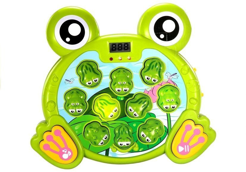 Világító Békák Kalapáccsal Arcade Játék Az együttes ügyességi játékok nagyszerű szórakozást nyújtanak az egész család számára, kellemesen eltölthetik az időt, miközben fejlesztik és tanítják a reflexeket, a motoros koordinációt, az érzékelést és más hasznos készségeket. Ez az ikonikus játék arról szól, hogy időnként gumifejekkel kell megütni a kalapácsot, és a békák világítani kezdenek. Szabályai nagyon egyszerűek, így még a kisgyermekek is pillanatok alatt megtanulják őket - a játék 3 éves kortól ajánlott gyermekek számára. A játékban a győzelem a játékosok egyéni hajlamától, megfigyelőképességüktől és reflexeik sebességétől függ. A játék egy tartós, béka alakú műanyag táblából, 10 kis békából és egy piros-fehér kalapácsból áll. Ezenkívül a játék hátulján tapadókorongokkal van felszerelve, amelyek lehetővé teszik a kiválasztott helyre rögzítést, valamint gombokkal, amelyek aktiválják a hangot és a dallamokat. Kisebb gombokkal elnémíthatja és teljesen elnémíthatja a játékot. A zöld béka tetején egy LCD kijelző található, amely a szerzett pontok számát mutatja. A világító békák minden korosztályú gyermek számára nagyszerű szórakozást nyújtanak - a játék számos körben növeli a világító elemek gyakoriságát, lehetővé téve az egészséges versenyzés elsajátítását - mind a szülőkkel, mind a társakkal. A tanulási mód 26, egyenként 30 másodperces szintből áll. A Szuper mód 12 szintből áll, de ezek sokkal nehezebbek - minél magasabb a stimulációs szint, annál szórakoztatóbb. A játék tetején található három LED jelzi a játékban lévő "esélyeket". Amikor mind világít, az életed a 6. szinten van - minden további LED kialszik, és két "esélyt" veszítesz. Amikor mind kialszik, a versenyzőnek újra kell kezdenie a játékot. A készlet elemeinek méretei: - tábla: 30 cm x 28 cm, - kalapács: 24 cm x 8 cm. A csomag mérete: 48 cm x 36 cm x 8 cm.
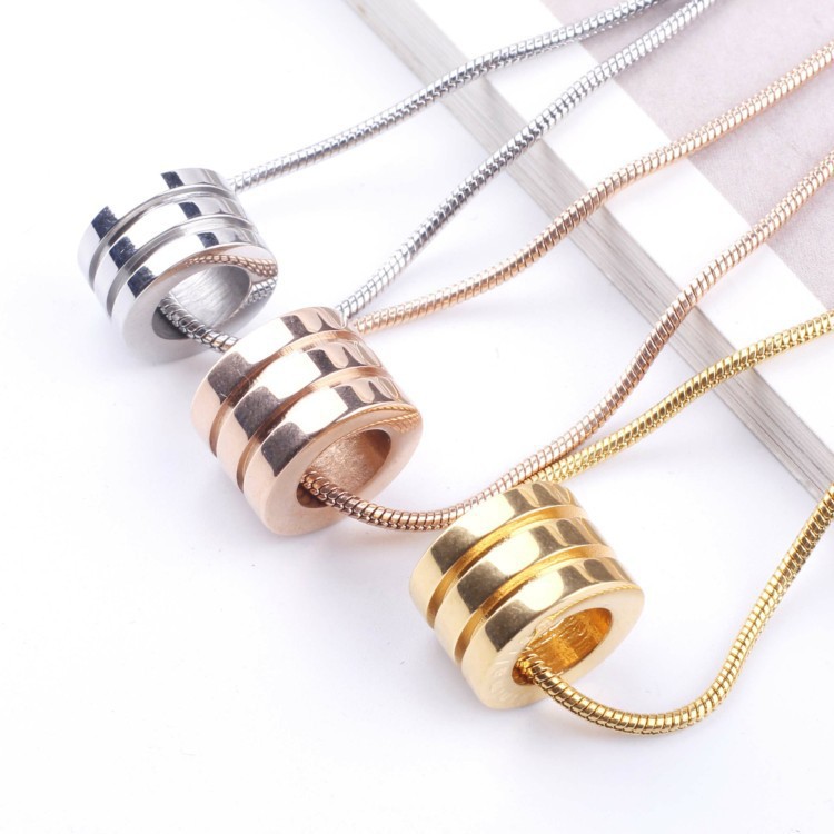 European and American Cross-border Simple All-match Small Waist Titanium Steel Necklace Men's Cylindrical Transfer Bead Pendant Color-free Snake Bone Chain Women
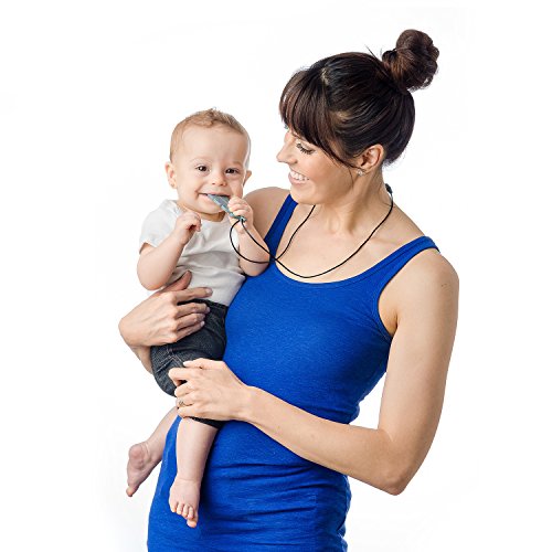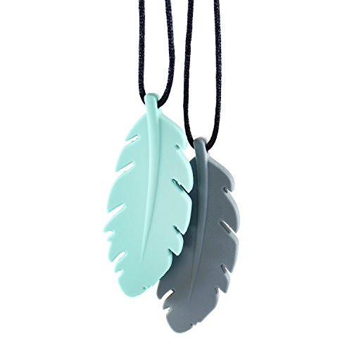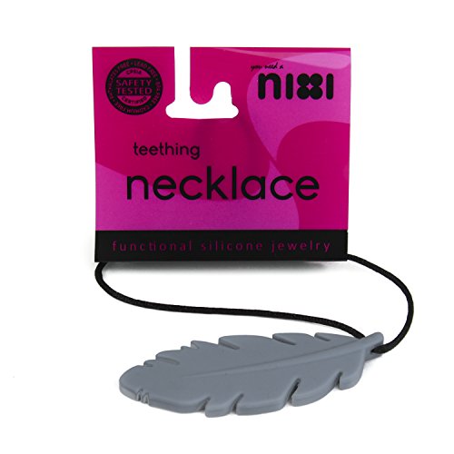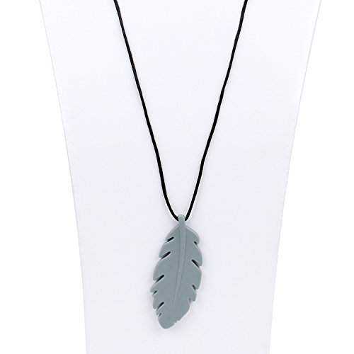 - Bumkins Nixi Feather Silicone Pendant Teething Necklace, Gray
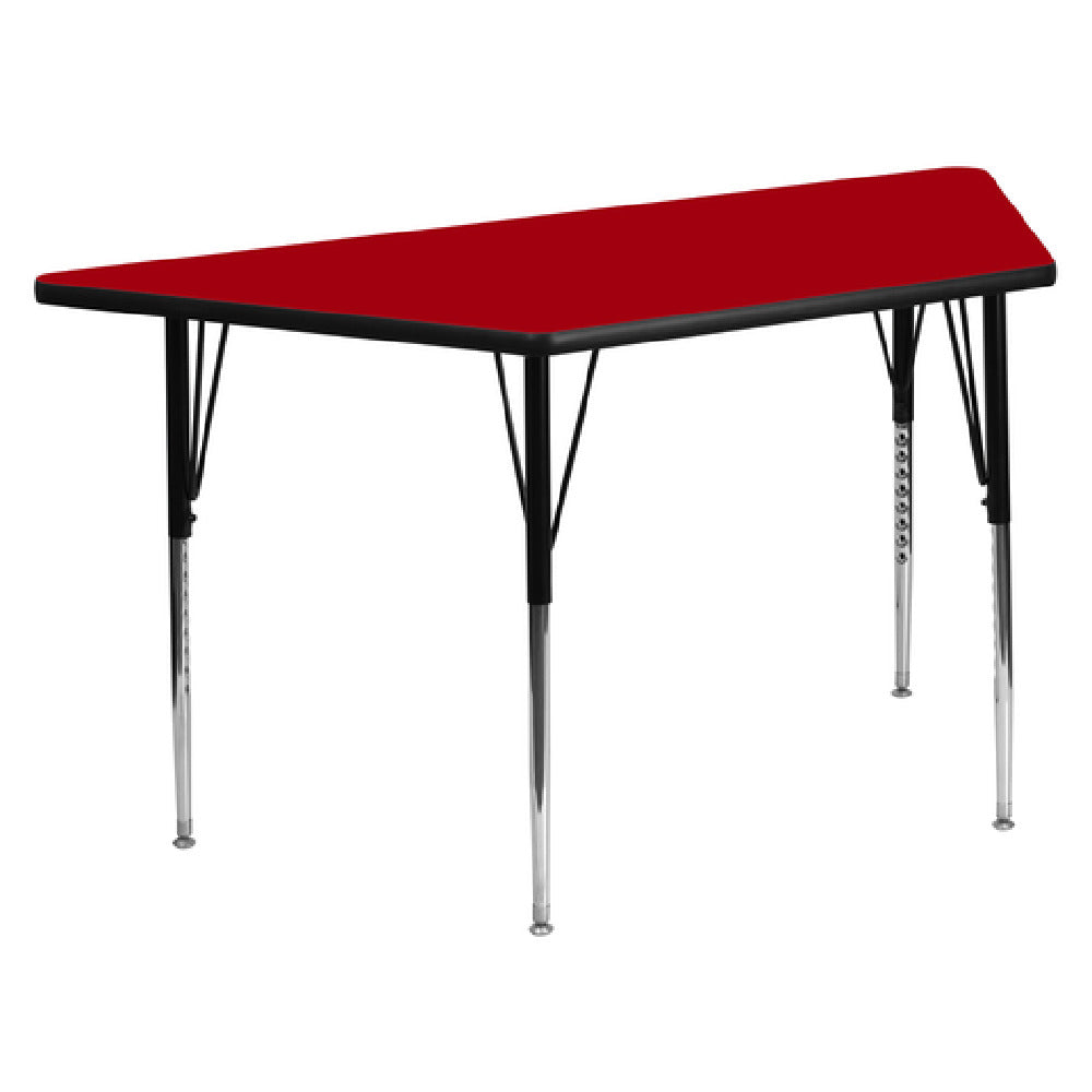 Flash Furniture XU-A3060-TRAP-RED-T-A-GG Activity Table is a versatile piece ideally suited for educational and creative environments. Its dimensions of 57-1/2"W x 26-1/4"D provide ample workspace, while the adjustable height range of 21-1/8" to 30-1/8" ensures adaptability to different user needs, making it suitable for various age groups and activities. The trapezoid shape of this table allows for unique and flexible seating arrangements, promoting collaborative work in classrooms and training sessions. The table's 1-1/8" thick thermal fused red laminate top not only adds a vibrant touch but also offers a scratch and stain-resistant surface, ensuring durability and easy maintenance. The edges are protected by a black edge band, adding to the table's longevity and aesthetic appeal. Supported by 16-gauge tubular steel legs, the table boasts stability and strength, with a black powder-coated finish on the upper legs and chrome on the lower legs for a sleek look. Equipped with self-leveling nylon floor glides, this activity table provides stability on uneven surfaces. Shipped in 2 boxes, the product is readily available with in-stock items typically dispatched within 24 hours, catering to the immediate needs of educational institutions and creative spaces.
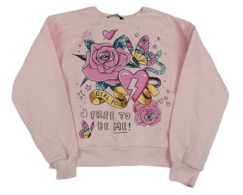 Svetloružová crop mikina s růžemi a motýlikmi a srdiečkami George
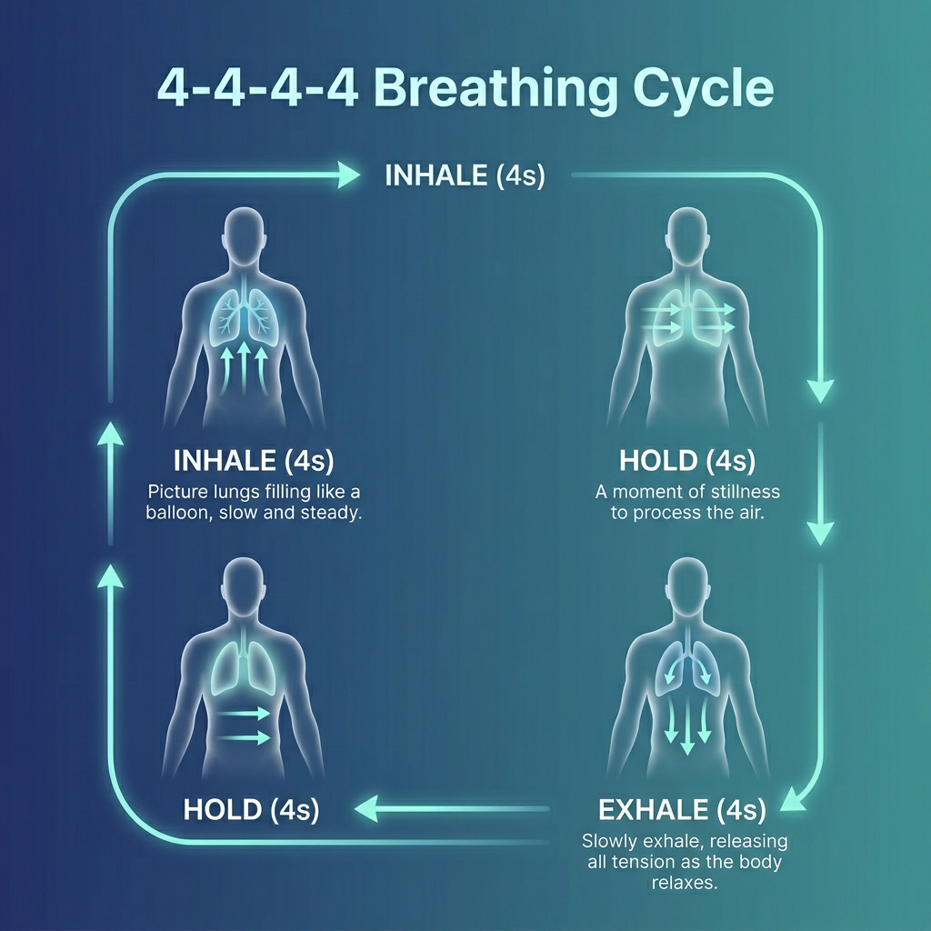 4 × 4 box breathing is a simple breathing pattern used to activate the parasympathetic nervous system, the part of your body responsible for calming, settling, and restoring balance.

◆ Activity ◆
A verbatim transcript of the entries above is required, with the pictures left out.

◆ Exercise output ◆
 Világító Békák Kalapáccsal Arcade Játék Az együttes ügyességi játékok nagyszerű szórakozást nyújtanak az egész család számára, kellemesen eltölthetik az időt, miközben fejlesztik és tanítják a reflexeket, a motoros koordinációt, az érzékelést és más hasznos készségeket. Ez az ikonikus játék arról szól, hogy időnként gumifejekkel kell megütni a kalapácsot, és a békák világítani kezdenek. Szabályai nagyon egyszerűek, így még a kisgyermekek is pillanatok alatt megtanulják őket - a játék 3 éves kortól ajánlott gyermekek számára. A játékban a győzelem a játékosok egyéni hajlamától, megfigyelőképességüktől és reflexeik sebességétől függ. A játék egy tartós, béka alakú műanyag táblából, 10 kis békából és egy piros-fehér kalapácsból áll. Ezenkívül a játék hátulján tapadókorongokkal van felszerelve, amelyek lehetővé teszik a kiválasztott helyre rögzítést, valamint gombokkal, amelyek aktiválják a hangot és a dallamokat. Kisebb gombokkal elnémíthatja és teljesen elnémíthatja a játékot. A zöld béka tetején egy LCD kijelző található, amely a szerzett pontok számát mutatja. A világító békák minden korosztályú gyermek számára nagyszerű szórakozást nyújtanak - a játék számos körben növeli a világító elemek gyakoriságát, lehetővé téve az egészséges versenyzés elsajátítását - mind a szülőkkel, mind a társakkal. A tanulási mód 26, egyenként 30 másodperces szintből áll. A Szuper mód 12 szintből áll, de ezek sokkal nehezebbek - minél magasabb a stimulációs szint, annál szórakoztatóbb. A játék tetején található három LED jelzi a játékban lévő "esélyeket". Amikor mind világít, az életed a 6. szinten van - minden további LED kialszik, és két "esélyt" veszítesz. Amikor mind kialszik, a versenyzőnek újra kell kezdenie a játékot. A készlet elemeinek méretei: - tábla: 30 cm x 28 cm, - kalapács: 24 cm x 8 cm. A csomag mérete: 48 cm x 36 cm x 8 cm.
 European and American Cross-border Simple All-match Small Waist Titanium Steel Necklace Men's Cylindrical Transfer Bead Pendant Color-free Snake Bone Chain Women
 - Bumkins Nixi Feather Silicone Pendant Teething Necklace, Gray
 Flash Furniture XU-A3060-TRAP-RED-T-A-GG Activity Table is a versatile piece ideally suited for educational and creative environments. Its dimensions of 57-1/2"W x 26-1/4"D provide ample workspace, while the adjustable height range of 21-1/8" to 30-1/8" ensures adaptability to different user needs, making it suitable for various age groups and activities. The trapezoid shape of this table allows for unique and flexible seating arrangements, promoting collaborative work in classrooms and training sessions. The table's 1-1/8" thick thermal fused red laminate top not only adds a vibrant touch but also offers a scratch and stain-resistant surface, ensuring durability and easy maintenance. The edges are protected by a black edge band, adding to the table's longevity and aesthetic appeal. Supported by 16-gauge tubular steel legs, the table boasts stability and strength, with a black powder-coated finish on the upper legs and chrome on the lower legs for a sleek look. Equipped with self-leveling nylon floor glides, this activity table provides stability on uneven surfaces. Shipped in 2 boxes, the product is readily available with in-stock items typically dispatched within 24 hours, catering to the immediate needs of educational institutions and creative spaces.
 Svetloružová crop mikina s růžemi a motýlikmi a srdiečkami George
 4 × 4 box breathing is a simple breathing pattern used to activate the parasympathetic nervous system, the part of your body responsible for calming, settling, and restoring balance.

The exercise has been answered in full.